BUENOS AIRES, DEC. 30 -- President Carlos Menem drew protests today as he made good on his widely criticized promise to pardon military officers who supervised the killing of some 9,000 Argentines and the torture of thousands more during the government's so-called "dirty war" against leftist political opponents in the late 1970s.

Menem announced six presidential decrees freeing Jorge Rafael Videla, Emilio Massera, Roberto Viola, Ramon Camps, Carlos Suarez Mason and several others -- all leaders or high-ranking officials of the military junta that held power from 1976 to 1983 and used its power to attempt to exterminate the far left.

Also released from prison by Menem's decrees was Mario Firmenich, a leader of the Montonero leftist guerrilla group, whose campaign against the state was cited as a justification for the armed forces' crackdown.

This evening, a crowd estimated at 40,000 rallied to protest the pardons.

Menem said he ordered the pardons to hasten "the definitive reconciliation of all the Argentine people." But polls have indicated that the pardons are highly unpopular, and immediate reaction from political leaders was overwhelmingly negative. Menem suffered no great political damage from a similar pardon a year ago, in which he absolved other officers accused or convicted of human-rights crimes. But this time the pardons cover the architects of the "dirty war," men who cannot say they were following orders.

"It is a lie that in order to achieve national unity, society must reconcile itself with crime," said former president Raul Alfonsin, whose administration oversaw the prosecution and sentencing of the junta leaders. "Death and violence are not proper political tools, and crimes committed with political motivation are still crimes."

Menem signed the pardon decrees Saturday but made no official announcement. Shortly before midnight, authorities at the Magdalena prison quietly began releasing their most famous inmates.

Videla, the army commander who led the 1976 coup overthrowing the hapless civilian regime led by Isabel Peron, had been serving a life sentence. Today, after his release, he went to Mass -- with reporters trailing behind -- and released an open letter to the current army chief of staff in which he called for "the revindication of the army and the restoration of military honor."

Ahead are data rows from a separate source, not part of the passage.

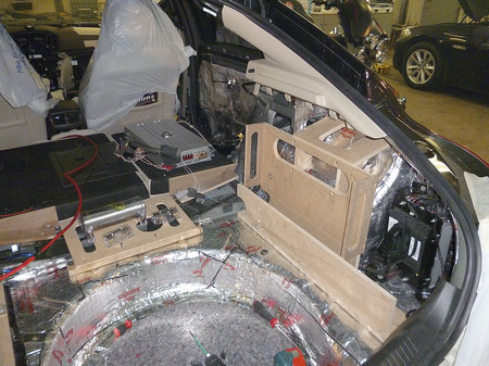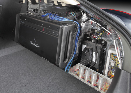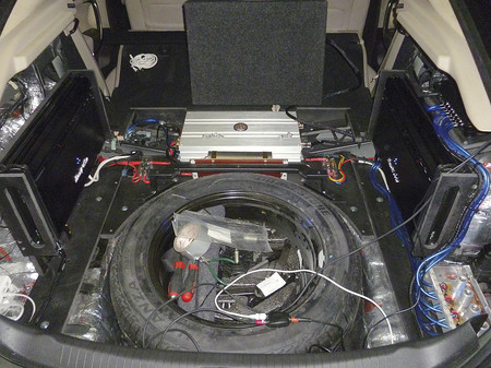 Что касается монтажа системы, то вся основная автоакустика наглядно представлена на фотографиях, все остальные компоненты системы спрятаны в багажнике. В нише справа поместили усилитель СЧ/ВЧ, ламповый драйвер, процессор, а слева – мидбасовый усилитель. Буферная емкость и усилитель сабвуфера также находится здесь.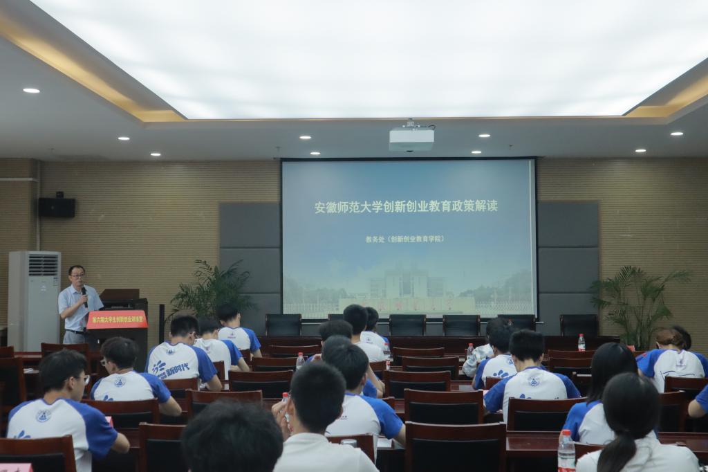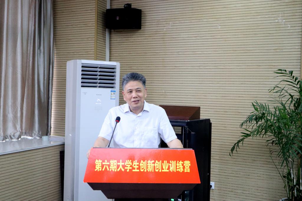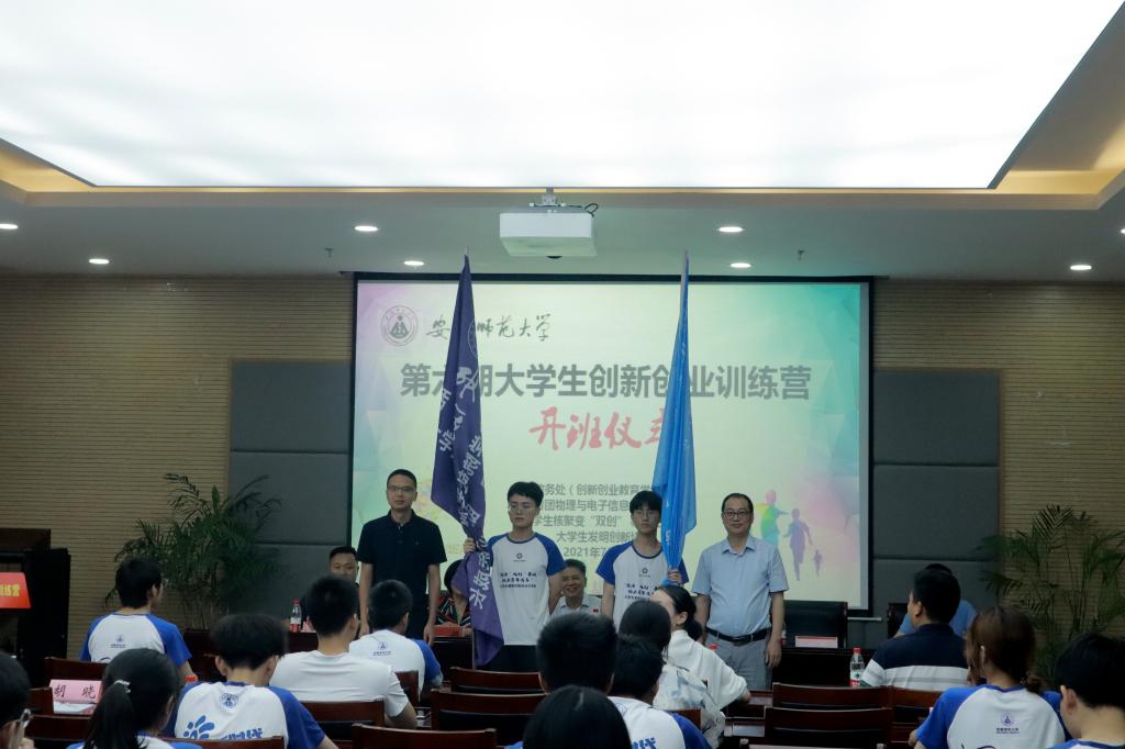 陆林作总结讲话。他强调,青年是国家和民族的希望,创新是社会进步的灵魂,未来属于青年,希望寄予青年。对全体学员提出建议和希望:要培养创新创业兴趣,兴趣对一个人的成长和发展有至关重要的作用,在学习和交流的过程中培养创新兴趣,促进自我能力提升,这是迈向成功的重要开始。要砥砺艰苦奋斗精神,创新创业不是一蹴而就的,在过程中要做到理想坚定,不怕困难,勇于开拓,顽强拼搏。要展现青年学子才华,“双创”训练营是起点,不是终点,要将自己所学应用到实践中去,在大众创业、万众创新的时代洪流中奏响青年大学生的乐章。 最后,汪凯、李汪根为暑期创新创业训练营实践团队授旗。开班仪式后,校教务处(创新创业教育学院)李汪根副处长为学员们带了培训第一讲。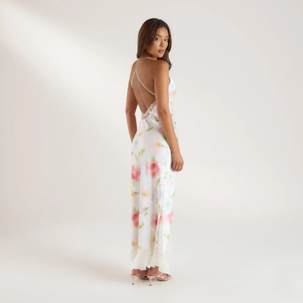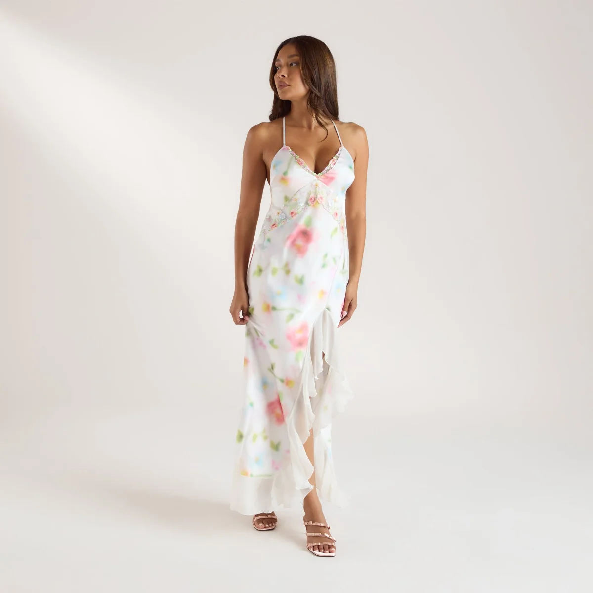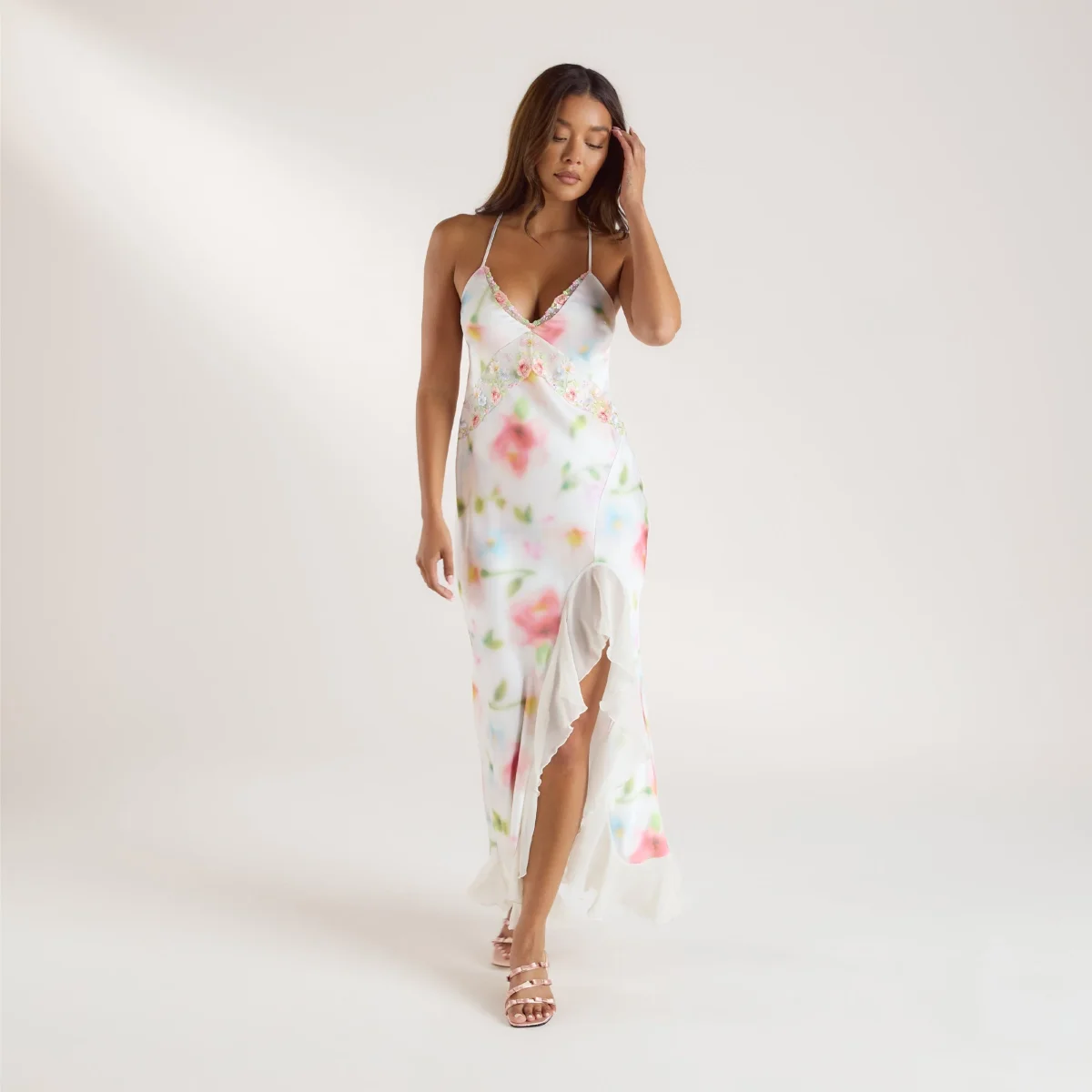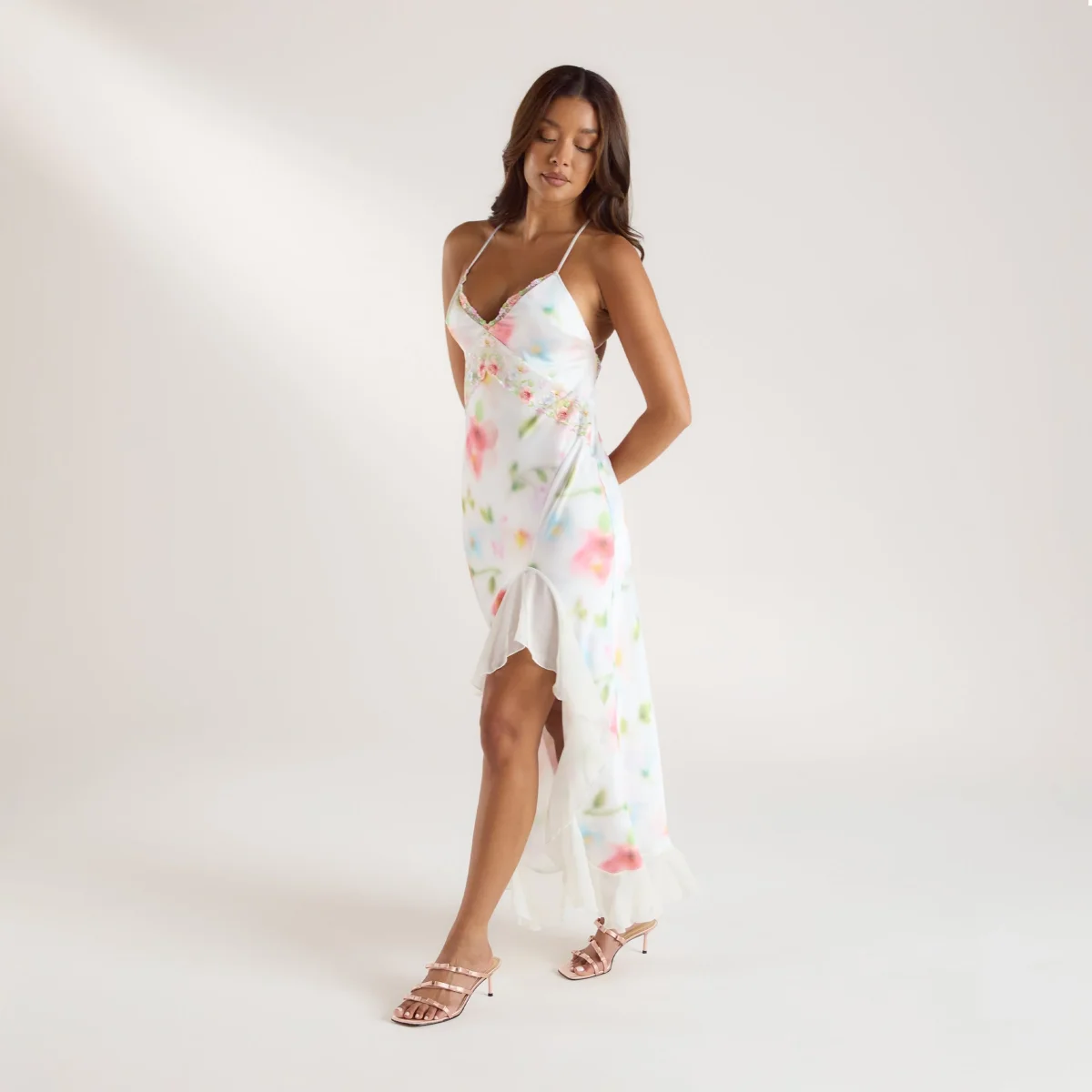 - Coupe ajustée au niveau du buste et de la taille avec jupe fluide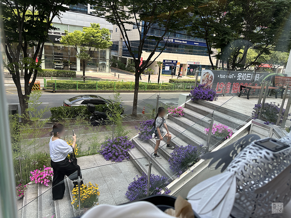 카페에 올라오는 계단도 꽃으로 잘 장식되어 있다 보니 창가에서 빙수를 먹고 있을 때 카페를 찾으면서 사진을 찍는 사람들의 모습을 종종 볼 수 있었다. 창가에 앉아 빙수를 먹거나 음료를 마시면서 바라볼 수 있는 풍경은 확 트인 풍경은 아니라고 해도 충분히 파란 하늘을 올려다볼 수 있고, 지나가는 사람들을 볼 수 있어 나쁘지 않았다.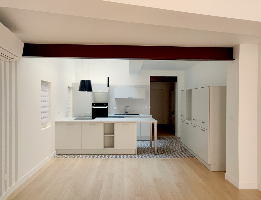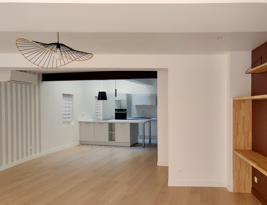Aménagement complet d’un appartement T3 sur un plateau de 90m², en R+1, dans un immeuble en hyper-centre d’Albi.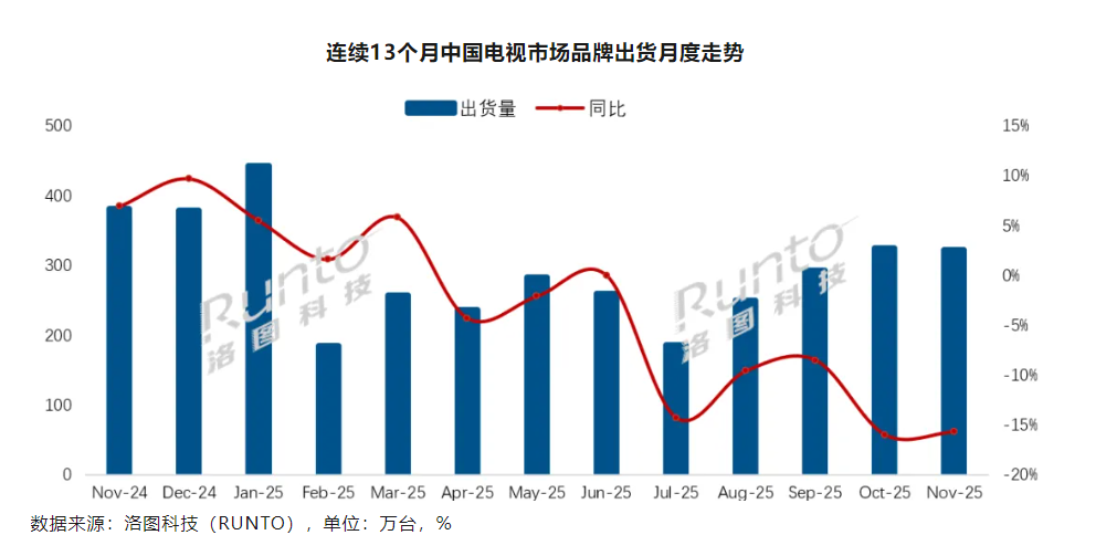 从市场整体走势来看,衰退趋势已持续蔓延。自2025年下半年起,受国补退坡和前期需求透支的双重影响,电视市场每月跌幅均维持在10%左右,进入第四季度后,在去年同期高基数的叠加作用下,跌幅进一步扩大,10月、11月连续两个月录得15%以上的同比下滑,创下连续13个月以来的持续低迷态势。

Viola, who succeeded Videla as head of the army and had been serving a 16-year term, said he wanted to spend the next few days with his family before making any public statements.

Firmenich, the Montonero leader, was spotted by reporters as he left the Villa Devoto prison near here. He led them on a high-speed chase through the city before finally making his getaway.

The mid-1970s was a time of great fear in Argentina. Isabel Peron's administration was collapsing and the Montoneros and other leftist groups were staging spectacular assassinations and kidnappings. Many Argentines welcomed the 1976 coup and gladly averted their eyes while the military went about ensuring that any leftist threat was eliminated.

Suspected leftists were pulled off the streets or out of their homes, never to be seen again. Some faced firing squads. Others were tortured to death in places like the Naval Mechanics School, their bodies loaded into helicopters to be dumped in the Plata River.

Camps, a former Buenos Aires police chief, and Suarez Mason, former commander of the First Army Corps, were major implementers of the junta's policies. Of the 9,000 Argentines believed killed, more than half were taken into custody in Suarez Mason's jurisdiction.

After democracy returned to Argentina in 1983, the new civilian government conducted Nuremberg-style investigations and trials. The first official testimony heard publicly from a victim was that of Adriana Calvo de Laborde, a physics professor at the University of La Plata. Today, the left-leaning daily Pagina 12 reprinted portions of her stunning account. Seven months' pregnant, she was dragged from her house and kept blindfolded in an interrogation center for a month, along with other prisoners, whose screams kept her awake. When she went into labor, her guards finally agreed to take her to a hospital, but she ended up giving birth to her daughter -- unassisted -- in the back of a moving car.

Her interrogators never told her why she had been arrested, although they did ask questions about a friend of her husband, who had visited Chile during the period when the Socialist Salvador Allende was president. "I honestly do not think even they knew why I was being held," she said of the men who asked her questions.

The pardons are meant to cool simmering resentment within the armed forces over the way the military was treated after democracy returned. There have been four military uprisings -- the most recent less than a month ago -- in which rebel officers' demands centered at least partly on the desire for vindication.